** Work to be completed **
Transcribe only what runs from the line containing "Ulaşılması zor alanlara" through the final line below, exactly, and leave every picture out.
── Data section
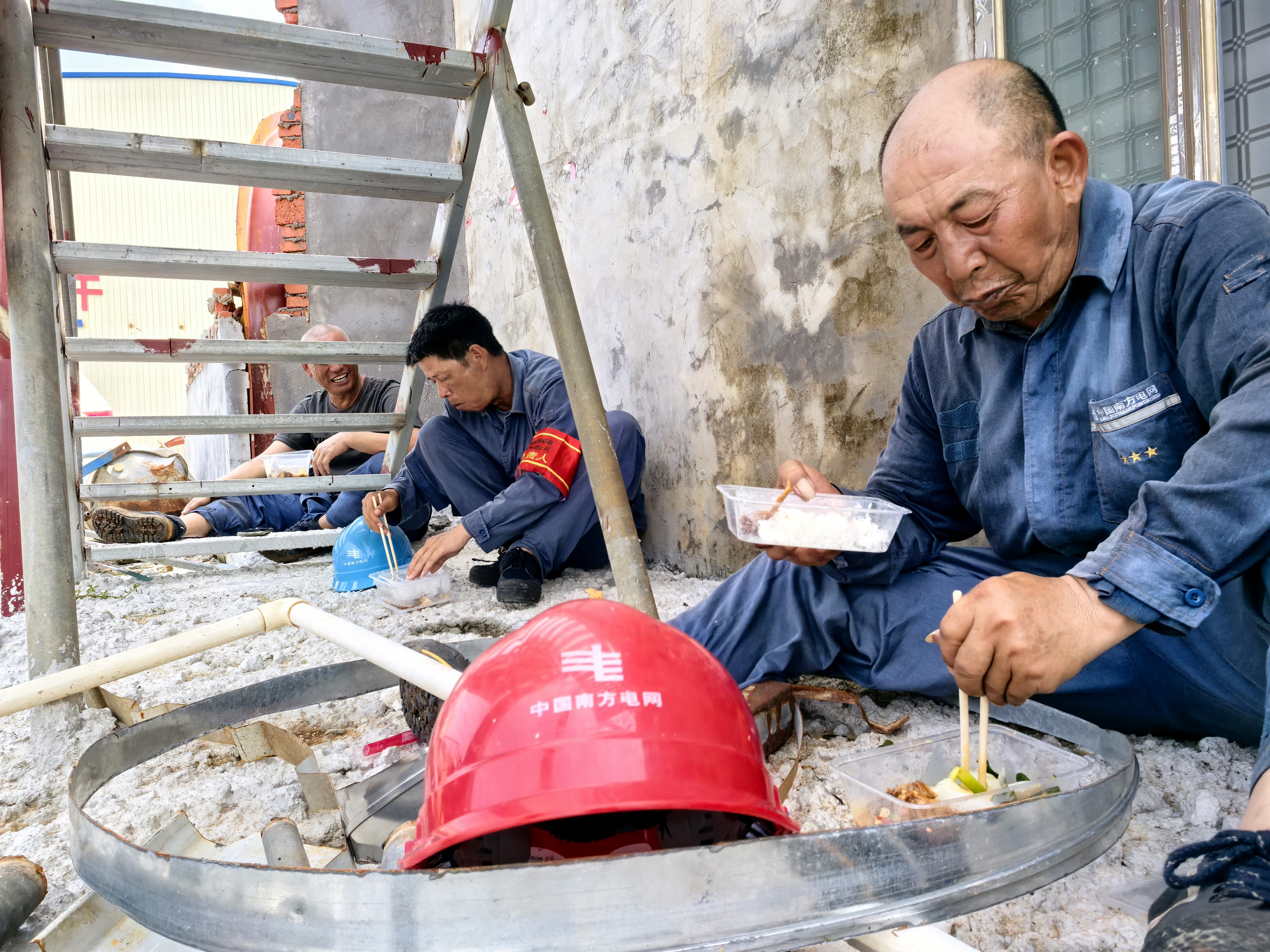 9月8日,在湛江雷州,广东电网能源发展公司的抢修人员在现场简单席地就餐,为抢修复电争取更多时间。(陈海东 摄)
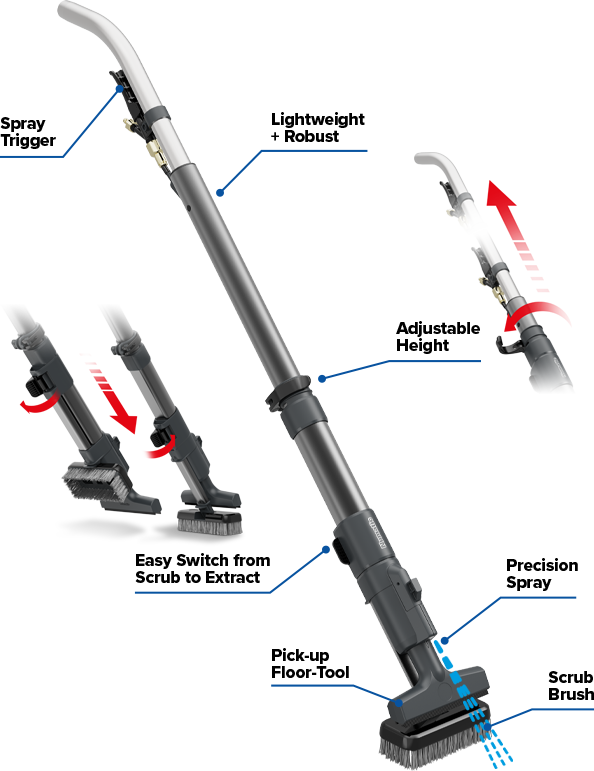 Ulaşılması zor alanlara ulaşın; hepsi bir arada çözümle zeminleri temizleyin, ovun ve kurulayın. Hassas sprey ile yoğun kirli alanları, acil dökülmeleri, köşeleri, kenarları ve engellerin etrafını ovun, vakumlayın ve kurulayın. Her yeri temizleyin, halı ve sert zeminler arasında kitleri kolayca değiştirin.
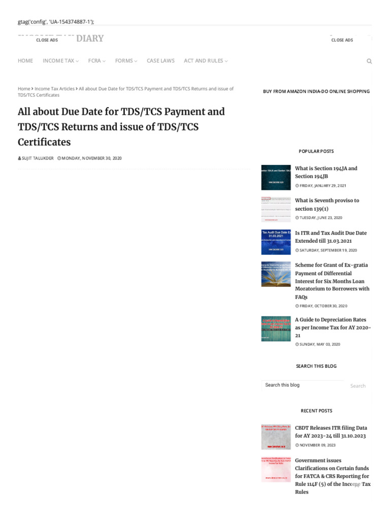All About Due Date For TDS TCS Payment and TDS TCS Returns and
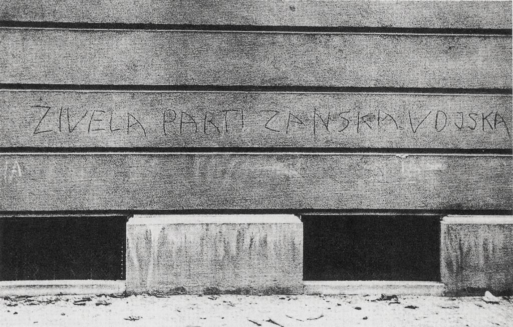 Napis na nekem poslopju v Ljubljani, 26. oktober 1941. Foto Miran Pavlin. Odporniške napise je Pavlin dokumentiral zgodaj zjutraj ali pa proti večeru, preden so napise izbrisali.
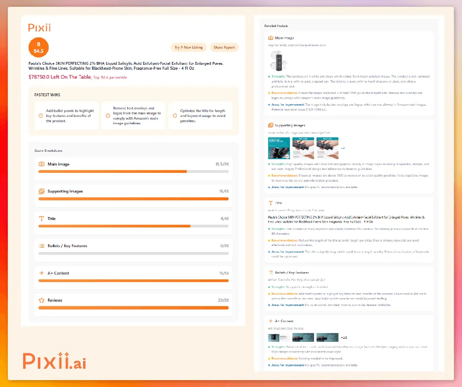 Pixii’s Amazon Listing Grader tells you what’s wrong with your listing and what you can do to improve it.
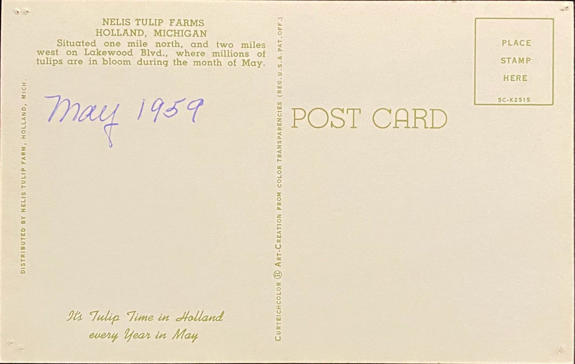 Back Text: "Nelis Tulip Farms Holland, Michigan. Situated one mile north, and two miles west on Lakewood Blvd., where millions of tulips are in bloom during the month of May."
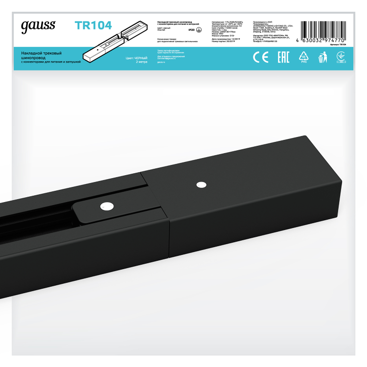 Шинопровод Gauss TR104 с коннекторами для питания и заглушкой. Способ крепления к стенам и потолку - накладной монтаж. Является частью трекинговой системы, которая может быть разной длины и соединяться между собой прямыми, угловыми и крестообразными коннекторами. Длина шинопровода 2м, цвет корпуса черный, материал алюминий, степень защиты IP 20. Шинопровод может быть использован в доме или квартире: спальня, детская, гостинная, гардеробная, коридор. И гостевых залах баров, ресторанов, торговых центров, выставочных комплексов.
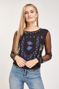 Embroidered Mesh Overlay Top
────
** Result **
 Ulaşılması zor alanlara ulaşın; hepsi bir arada çözümle zeminleri temizleyin, ovun ve kurulayın. Hassas sprey ile yoğun kirli alanları, acil dökülmeleri, köşeleri, kenarları ve engellerin etrafını ovun, vakumlayın ve kurulayın. Her yeri temizleyin, halı ve sert zeminler arasında kitleri kolayca değiştirin.
All About Due Date For TDS TCS Payment and TDS TCS Returns and
 Napis na nekem poslopju v Ljubljani, 26. oktober 1941. Foto Miran Pavlin. Odporniške napise je Pavlin dokumentiral zgodaj zjutraj ali pa proti večeru, preden so napise izbrisali.
 Pixii’s Amazon Listing Grader tells you what’s wrong with your listing and what you can do to improve it.
 Back Text: "Nelis Tulip Farms Holland, Michigan. Situated one mile north, and two miles west on Lakewood Blvd., where millions of tulips are in bloom during the month of May."
 Шинопровод Gauss TR104 с коннекторами для питания и заглушкой. Способ крепления к стенам и потолку - накладной монтаж. Является частью трекинговой системы, которая может быть разной длины и соединяться между собой прямыми, угловыми и крестообразными коннекторами. Длина шинопровода 2м, цвет корпуса черный, материал алюминий, степень защиты IP 20. Шинопровод может быть использован в доме или квартире: спальня, детская, гостинная, гардеробная, коридор. И гостевых залах баров, ресторанов, торговых центров, выставочных комплексов.
 Embroidered Mesh Overlay Top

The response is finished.